Give back all of the data exactly as it stands, with the pictures removed.

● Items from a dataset
== Segment start ==

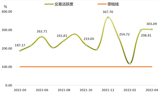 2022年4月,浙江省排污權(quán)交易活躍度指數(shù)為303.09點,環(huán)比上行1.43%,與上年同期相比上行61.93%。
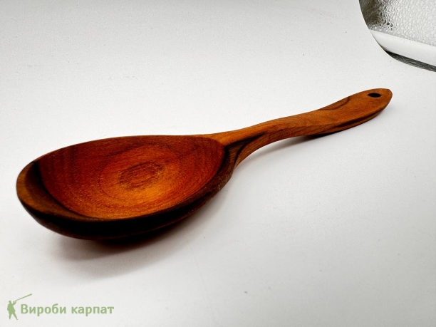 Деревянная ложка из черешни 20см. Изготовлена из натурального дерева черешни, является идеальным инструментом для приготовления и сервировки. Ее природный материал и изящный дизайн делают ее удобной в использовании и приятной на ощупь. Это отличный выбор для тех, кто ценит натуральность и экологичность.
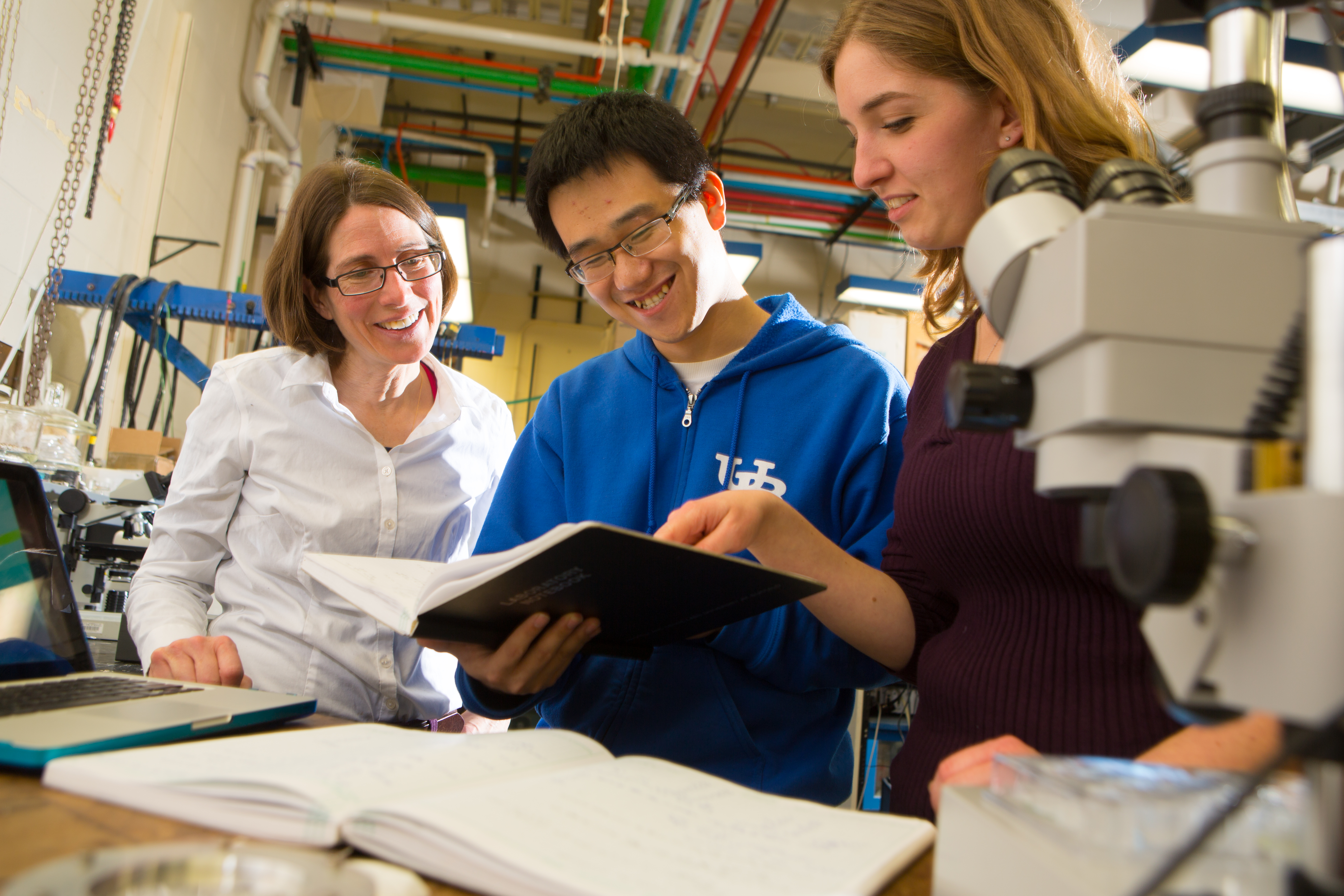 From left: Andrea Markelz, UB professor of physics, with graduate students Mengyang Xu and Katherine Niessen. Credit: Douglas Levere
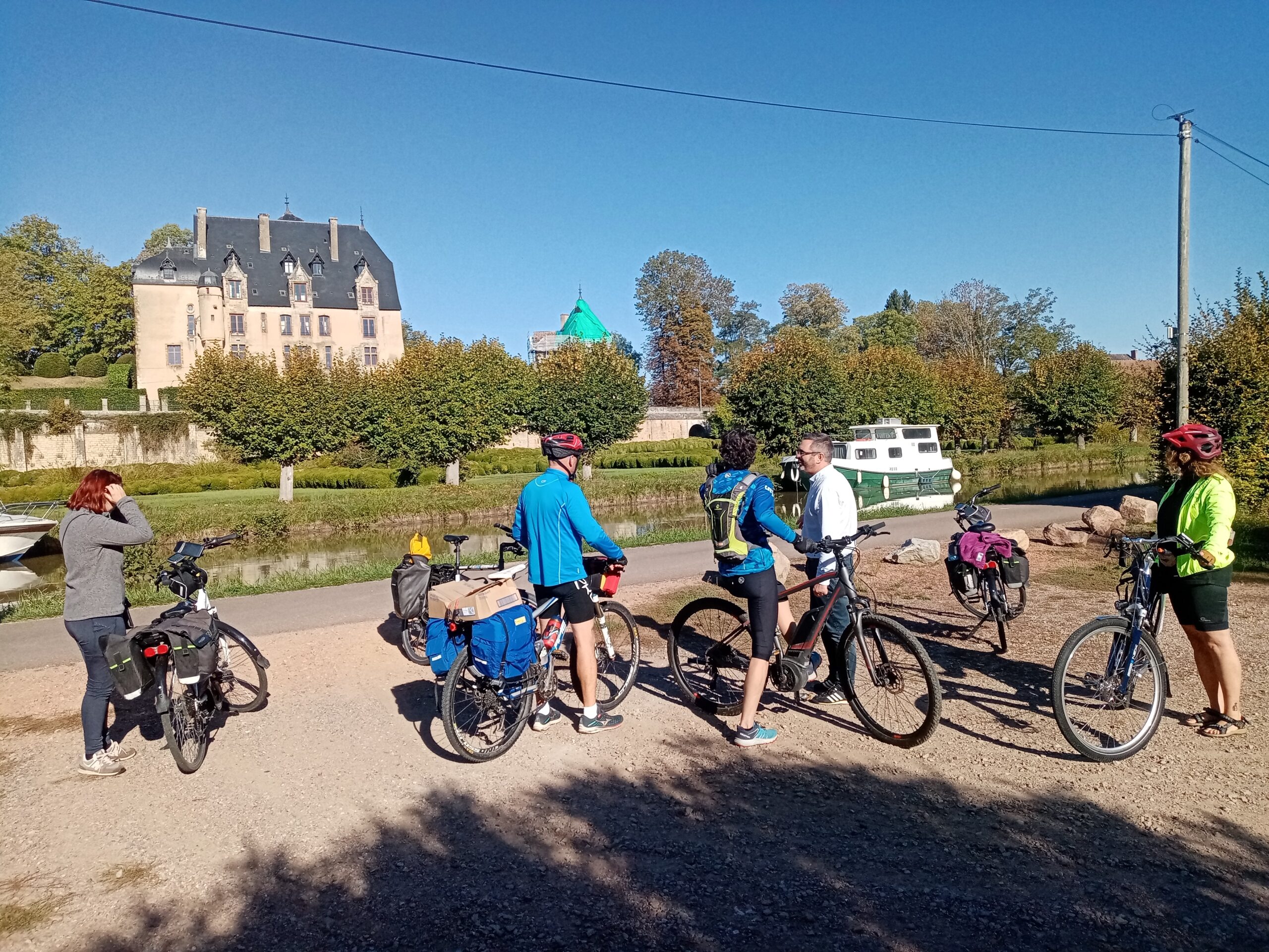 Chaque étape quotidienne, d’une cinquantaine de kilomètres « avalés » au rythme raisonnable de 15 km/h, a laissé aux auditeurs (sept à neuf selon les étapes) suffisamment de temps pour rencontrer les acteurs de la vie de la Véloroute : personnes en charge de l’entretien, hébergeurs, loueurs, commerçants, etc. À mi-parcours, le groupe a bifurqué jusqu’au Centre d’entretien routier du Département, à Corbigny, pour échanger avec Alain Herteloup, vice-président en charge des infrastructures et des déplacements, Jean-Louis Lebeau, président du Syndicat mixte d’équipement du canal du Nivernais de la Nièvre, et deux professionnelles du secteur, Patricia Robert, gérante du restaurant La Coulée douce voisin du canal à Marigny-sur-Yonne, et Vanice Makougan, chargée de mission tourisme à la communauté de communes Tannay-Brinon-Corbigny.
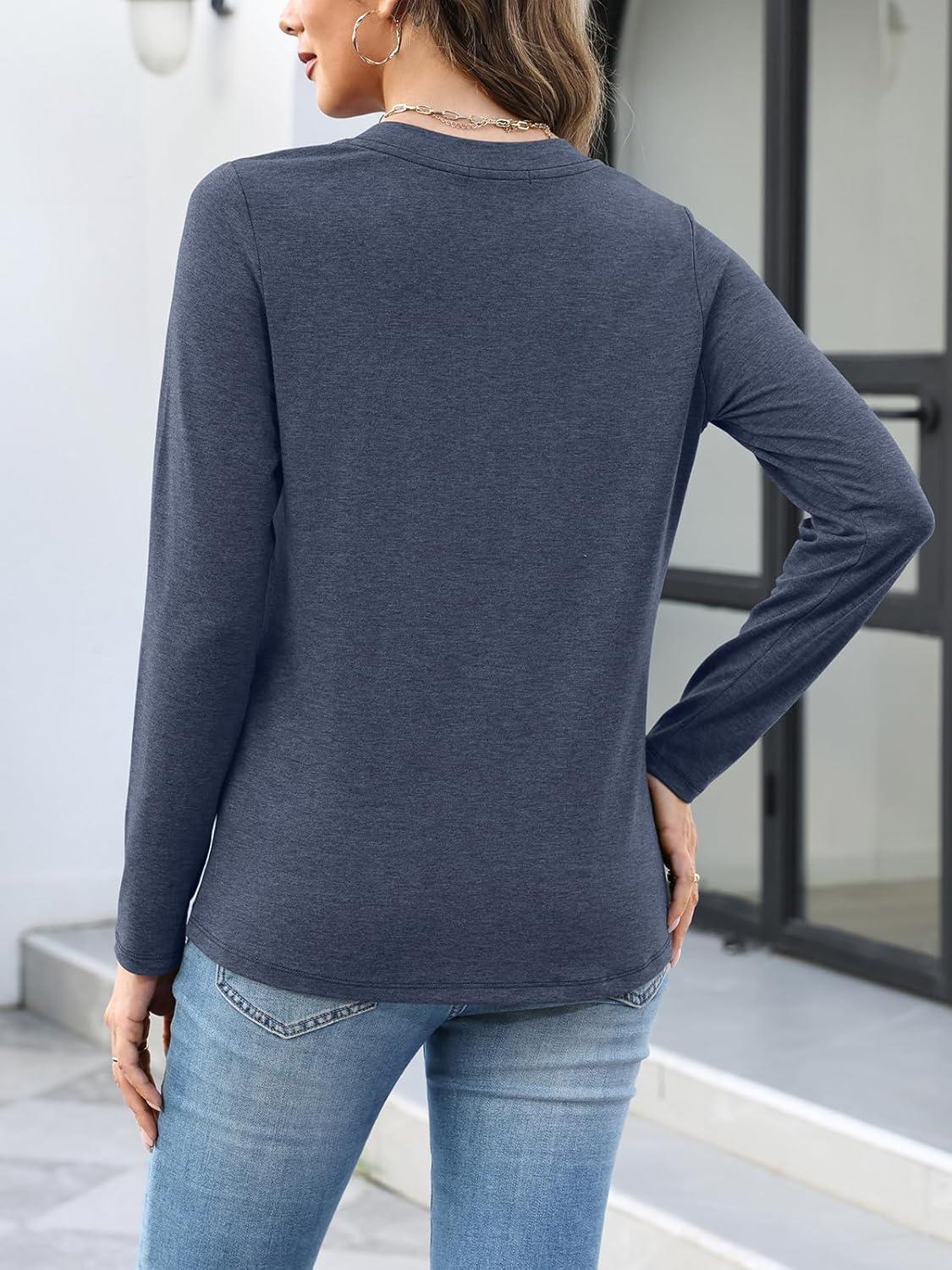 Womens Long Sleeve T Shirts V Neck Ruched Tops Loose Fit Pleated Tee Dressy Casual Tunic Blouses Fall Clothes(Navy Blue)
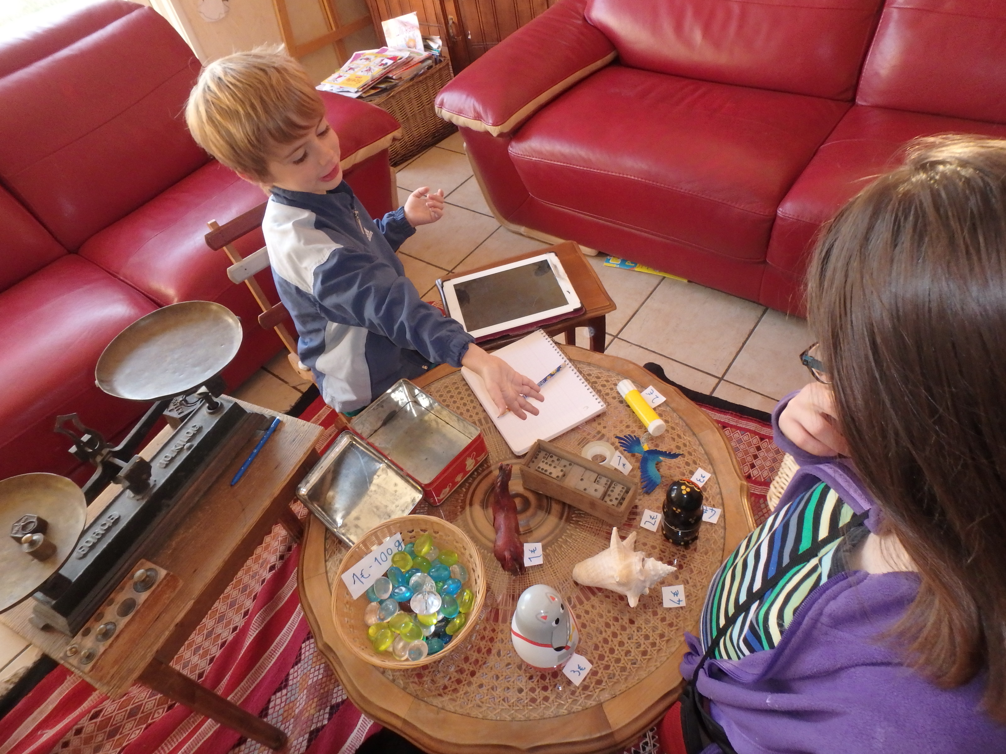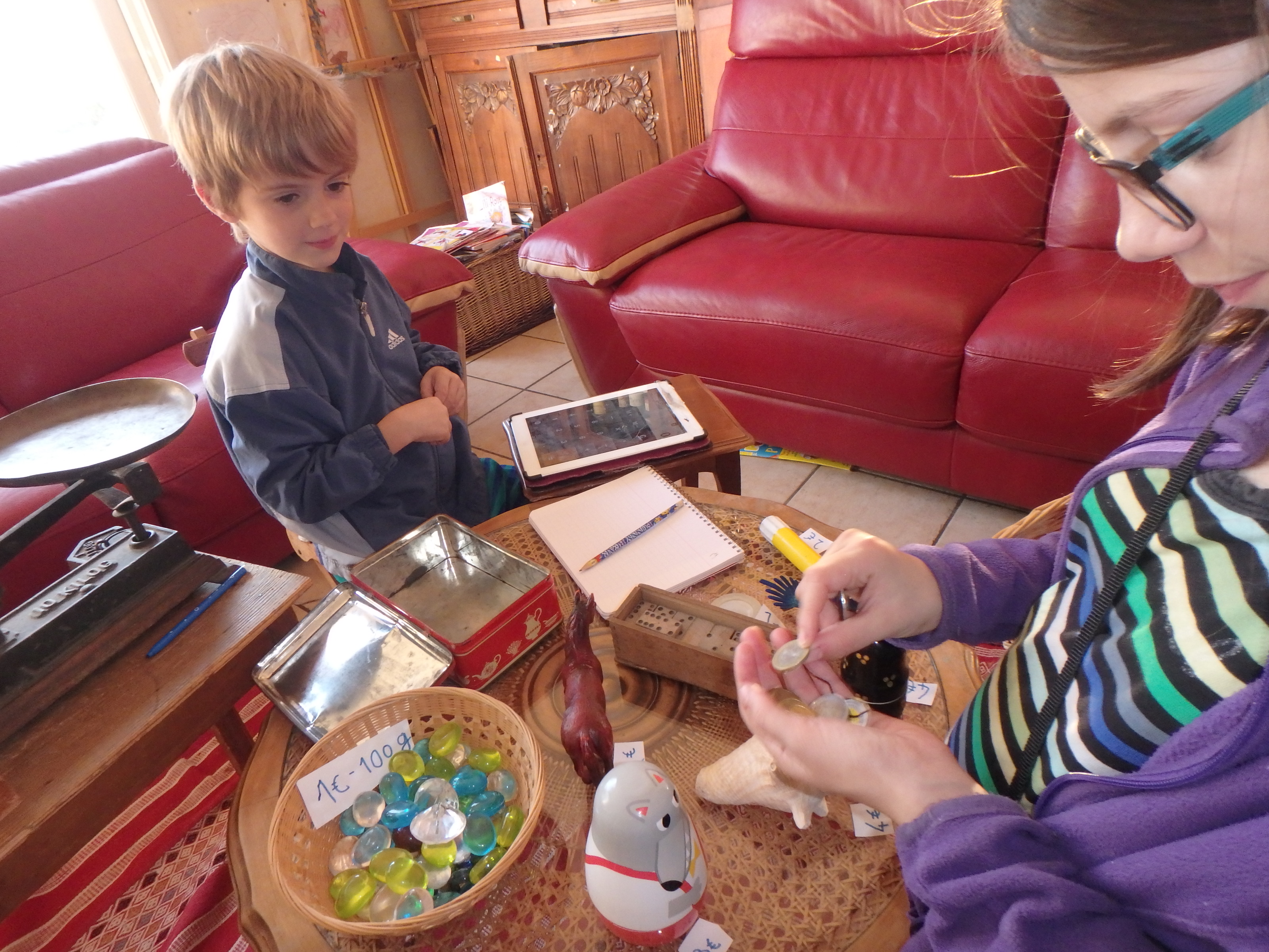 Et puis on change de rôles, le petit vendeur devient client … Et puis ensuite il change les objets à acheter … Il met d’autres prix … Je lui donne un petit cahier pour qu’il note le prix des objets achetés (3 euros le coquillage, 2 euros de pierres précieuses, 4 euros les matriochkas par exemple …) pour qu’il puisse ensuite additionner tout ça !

== Segment end ==

● EXPECTED ANSWER
 2022年4月,浙江省排污權(quán)交易活躍度指數(shù)為303.09點,環(huán)比上行1.43%,與上年同期相比上行61.93%。
 Деревянная ложка из черешни 20см. Изготовлена из натурального дерева черешни, является идеальным инструментом для приготовления и сервировки. Ее природный материал и изящный дизайн делают ее удобной в использовании и приятной на ощупь. Это отличный выбор для тех, кто ценит натуральность и экологичность.
 From left: Andrea Markelz, UB professor of physics, with graduate students Mengyang Xu and Katherine Niessen. Credit: Douglas Levere
 Chaque étape quotidienne, d’une cinquantaine de kilomètres « avalés » au rythme raisonnable de 15 km/h, a laissé aux auditeurs (sept à neuf selon les étapes) suffisamment de temps pour rencontrer les acteurs de la vie de la Véloroute : personnes en charge de l’entretien, hébergeurs, loueurs, commerçants, etc. À mi-parcours, le groupe a bifurqué jusqu’au Centre d’entretien routier du Département, à Corbigny, pour échanger avec Alain Herteloup, vice-président en charge des infrastructures et des déplacements, Jean-Louis Lebeau, président du Syndicat mixte d’équipement du canal du Nivernais de la Nièvre, et deux professionnelles du secteur, Patricia Robert, gérante du restaurant La Coulée douce voisin du canal à Marigny-sur-Yonne, et Vanice Makougan, chargée de mission tourisme à la communauté de communes Tannay-Brinon-Corbigny.
 Womens Long Sleeve T Shirts V Neck Ruched Tops Loose Fit Pleated Tee Dressy Casual Tunic Blouses Fall Clothes(Navy Blue)
 Et puis on change de rôles, le petit vendeur devient client … Et puis ensuite il change les objets à acheter … Il met d’autres prix … Je lui donne un petit cahier pour qu’il note le prix des objets achetés (3 euros le coquillage, 2 euros de pierres précieuses, 4 euros les matriochkas par exemple …) pour qu’il puisse ensuite additionner tout ça !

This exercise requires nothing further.